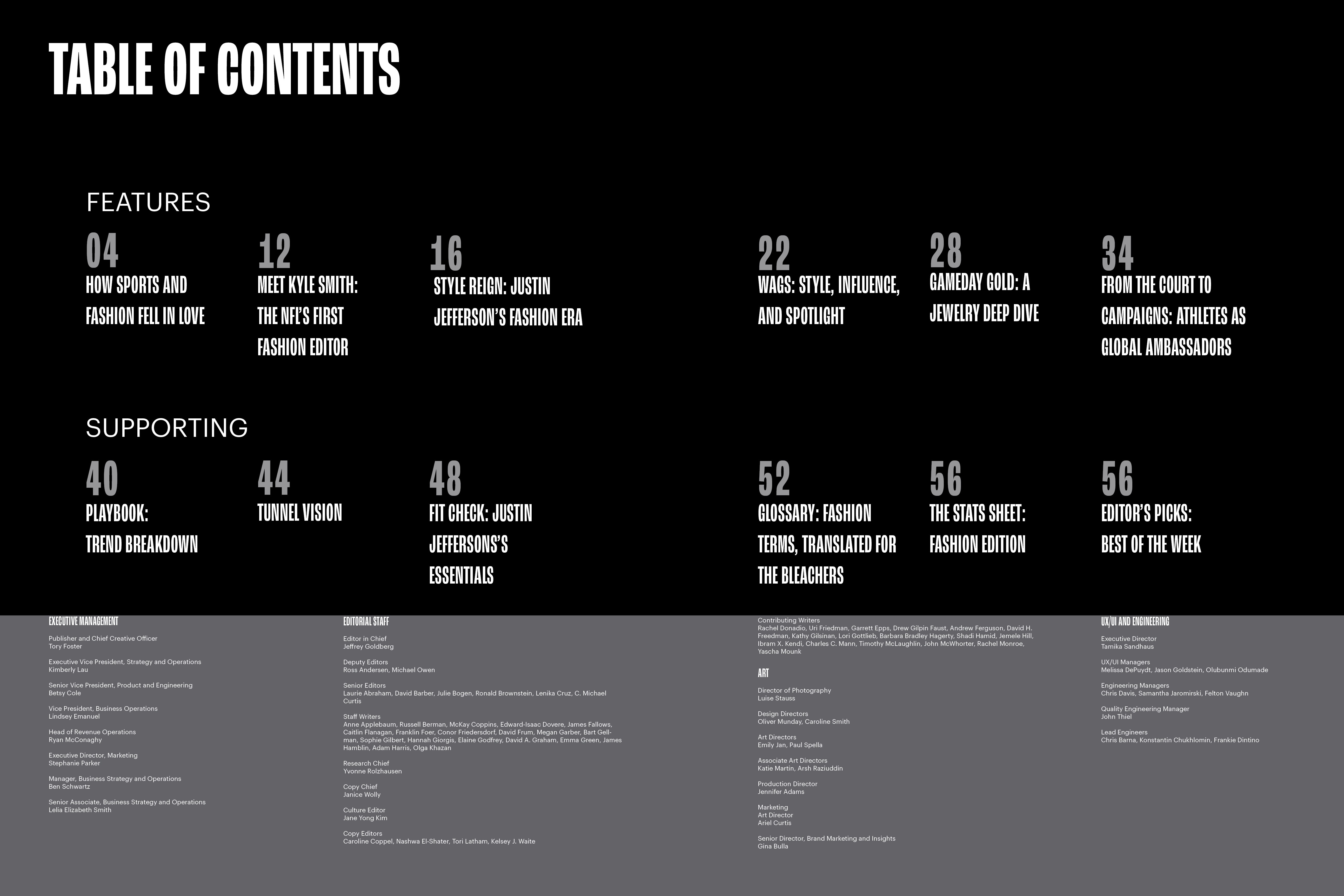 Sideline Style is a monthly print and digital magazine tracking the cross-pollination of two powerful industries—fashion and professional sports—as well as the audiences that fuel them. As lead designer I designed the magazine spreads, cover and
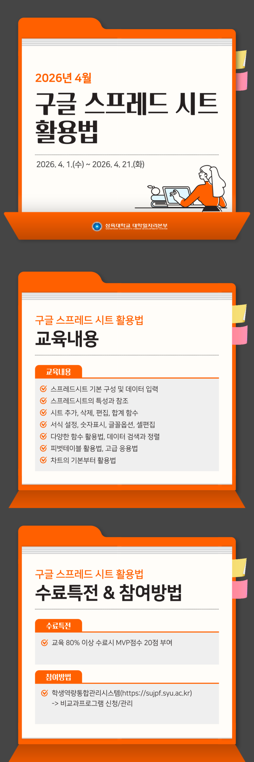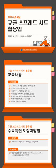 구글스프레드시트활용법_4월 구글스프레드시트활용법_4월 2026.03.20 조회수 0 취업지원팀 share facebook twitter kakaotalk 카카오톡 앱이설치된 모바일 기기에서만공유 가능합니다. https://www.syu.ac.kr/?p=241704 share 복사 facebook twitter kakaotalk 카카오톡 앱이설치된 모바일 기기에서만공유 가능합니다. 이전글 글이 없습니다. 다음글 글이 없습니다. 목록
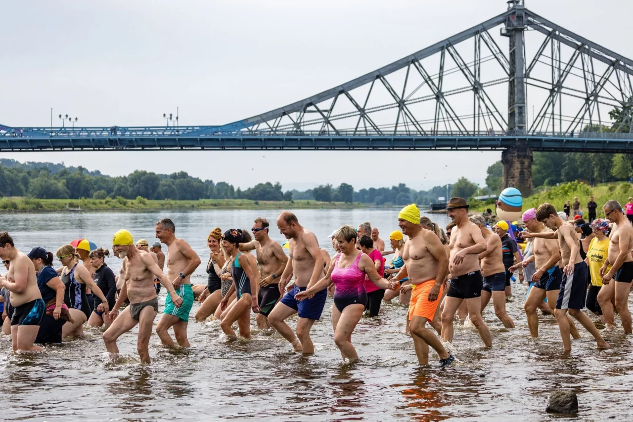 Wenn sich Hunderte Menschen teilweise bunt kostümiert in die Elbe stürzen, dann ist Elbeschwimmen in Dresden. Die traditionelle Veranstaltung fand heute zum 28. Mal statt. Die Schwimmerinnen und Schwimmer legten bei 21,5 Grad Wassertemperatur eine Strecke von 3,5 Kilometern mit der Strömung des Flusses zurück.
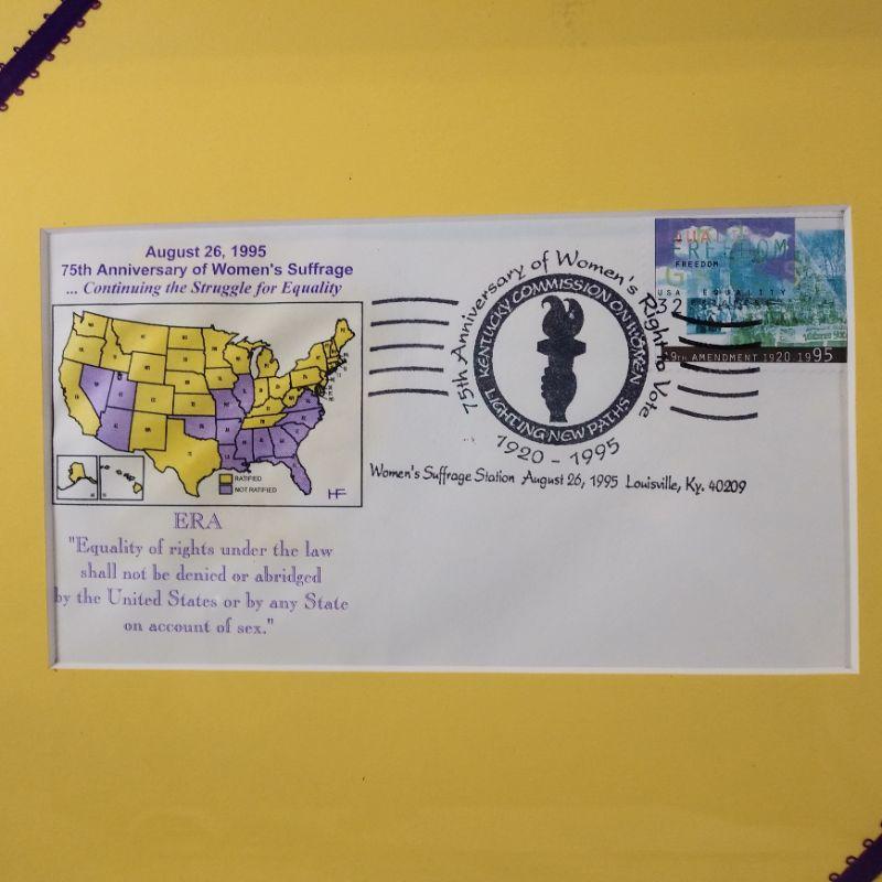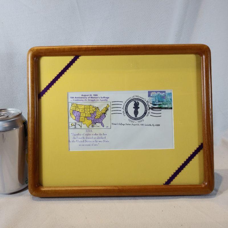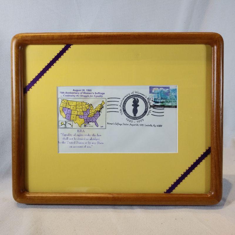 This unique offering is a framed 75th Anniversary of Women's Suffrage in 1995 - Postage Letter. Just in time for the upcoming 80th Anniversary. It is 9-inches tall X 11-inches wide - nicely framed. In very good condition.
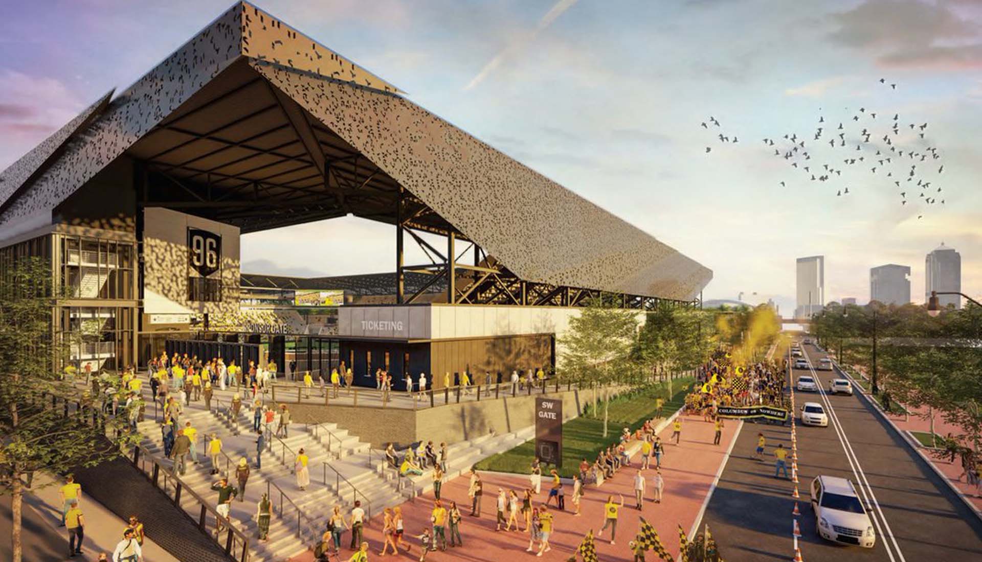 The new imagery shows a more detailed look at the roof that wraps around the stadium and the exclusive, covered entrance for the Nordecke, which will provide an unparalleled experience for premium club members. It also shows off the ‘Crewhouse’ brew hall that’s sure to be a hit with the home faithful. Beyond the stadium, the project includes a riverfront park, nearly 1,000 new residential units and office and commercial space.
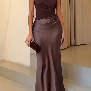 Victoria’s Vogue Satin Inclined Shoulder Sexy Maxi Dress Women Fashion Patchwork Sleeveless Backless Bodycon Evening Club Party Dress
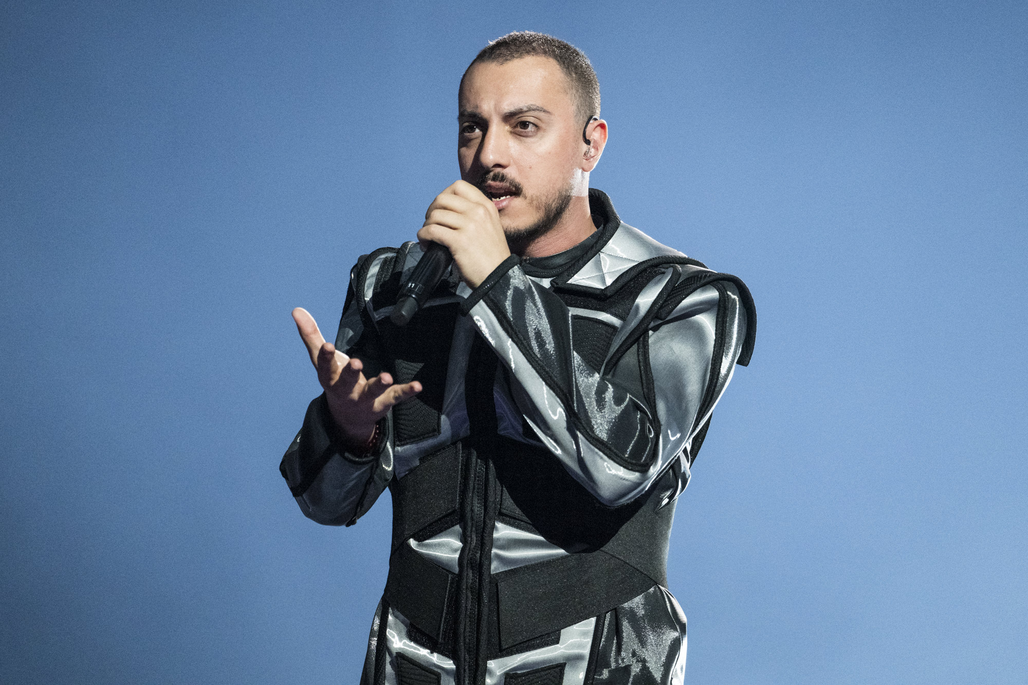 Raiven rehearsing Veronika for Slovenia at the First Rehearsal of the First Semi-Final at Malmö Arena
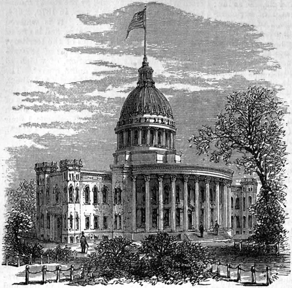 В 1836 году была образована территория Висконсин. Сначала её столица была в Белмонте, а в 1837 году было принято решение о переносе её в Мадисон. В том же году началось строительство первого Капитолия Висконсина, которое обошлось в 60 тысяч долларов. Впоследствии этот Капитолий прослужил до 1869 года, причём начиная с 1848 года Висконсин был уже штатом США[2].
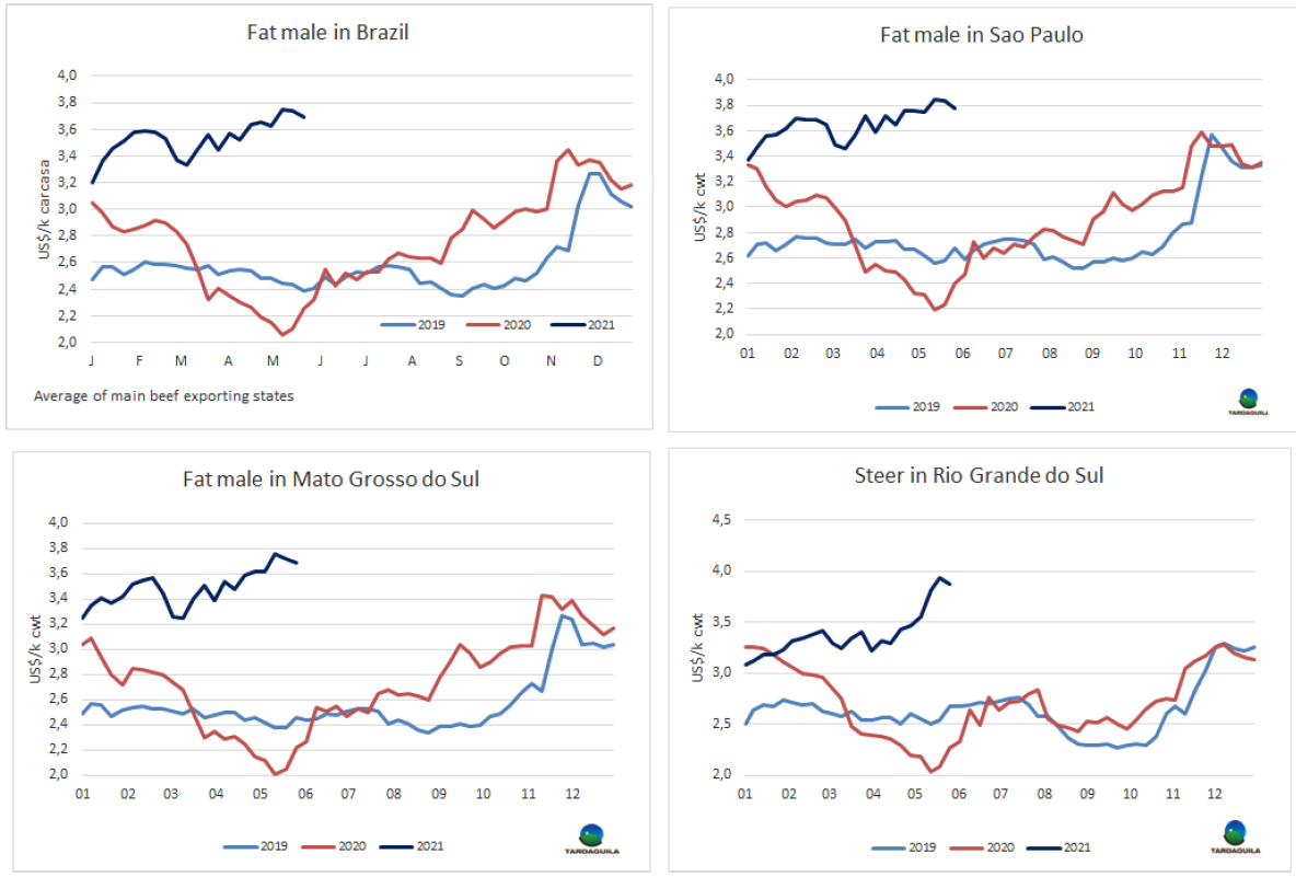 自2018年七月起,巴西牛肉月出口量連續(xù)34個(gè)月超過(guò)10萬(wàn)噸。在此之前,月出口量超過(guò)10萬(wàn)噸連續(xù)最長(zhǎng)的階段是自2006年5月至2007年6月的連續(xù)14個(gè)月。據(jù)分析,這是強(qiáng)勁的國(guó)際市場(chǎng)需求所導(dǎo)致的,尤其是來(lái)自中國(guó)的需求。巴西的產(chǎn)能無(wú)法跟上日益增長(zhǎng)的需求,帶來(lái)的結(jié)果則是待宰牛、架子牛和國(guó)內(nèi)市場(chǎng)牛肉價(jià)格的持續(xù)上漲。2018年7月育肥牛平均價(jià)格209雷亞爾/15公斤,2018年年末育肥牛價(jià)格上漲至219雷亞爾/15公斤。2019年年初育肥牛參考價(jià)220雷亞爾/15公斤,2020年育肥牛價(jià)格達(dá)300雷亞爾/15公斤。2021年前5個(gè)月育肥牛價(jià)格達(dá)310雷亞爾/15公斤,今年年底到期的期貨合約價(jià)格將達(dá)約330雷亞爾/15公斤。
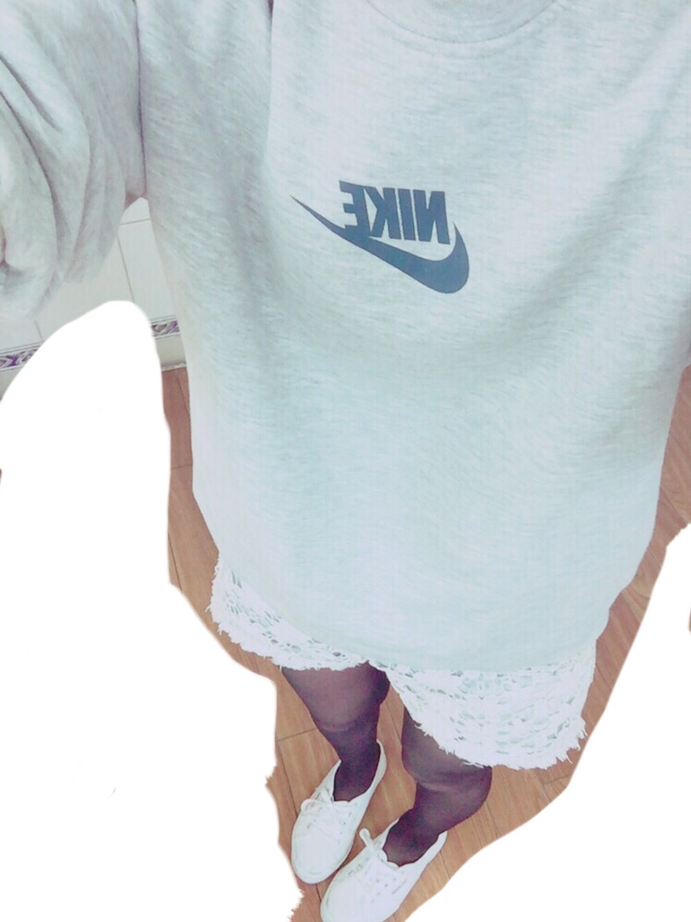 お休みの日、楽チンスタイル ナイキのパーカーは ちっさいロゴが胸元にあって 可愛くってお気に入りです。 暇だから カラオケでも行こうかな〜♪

**Action item**
What is needed is an exact copy of each line from the top of the data above through the line containing "This unique offering", with no pictures.

**Answer space**
 Sideline Style is a monthly print and digital magazine tracking the cross-pollination of two powerful industries—fashion and professional sports—as well as the audiences that fuel them. As lead designer I designed the magazine spreads, cover and
 구글스프레드시트활용법_4월 구글스프레드시트활용법_4월 2026.03.20 조회수 0 취업지원팀 share facebook twitter kakaotalk 카카오톡 앱이설치된 모바일 기기에서만공유 가능합니다. https://www.syu.ac.kr/?p=241704 share 복사 facebook twitter kakaotalk 카카오톡 앱이설치된 모바일 기기에서만공유 가능합니다. 이전글 글이 없습니다. 다음글 글이 없습니다. 목록
 Wenn sich Hunderte Menschen teilweise bunt kostümiert in die Elbe stürzen, dann ist Elbeschwimmen in Dresden. Die traditionelle Veranstaltung fand heute zum 28. Mal statt. Die Schwimmerinnen und Schwimmer legten bei 21,5 Grad Wassertemperatur eine Strecke von 3,5 Kilometern mit der Strömung des Flusses zurück.
 This unique offering is a framed 75th Anniversary of Women's Suffrage in 1995 - Postage Letter. Just in time for the upcoming 80th Anniversary. It is 9-inches tall X 11-inches wide - nicely framed. In very good condition.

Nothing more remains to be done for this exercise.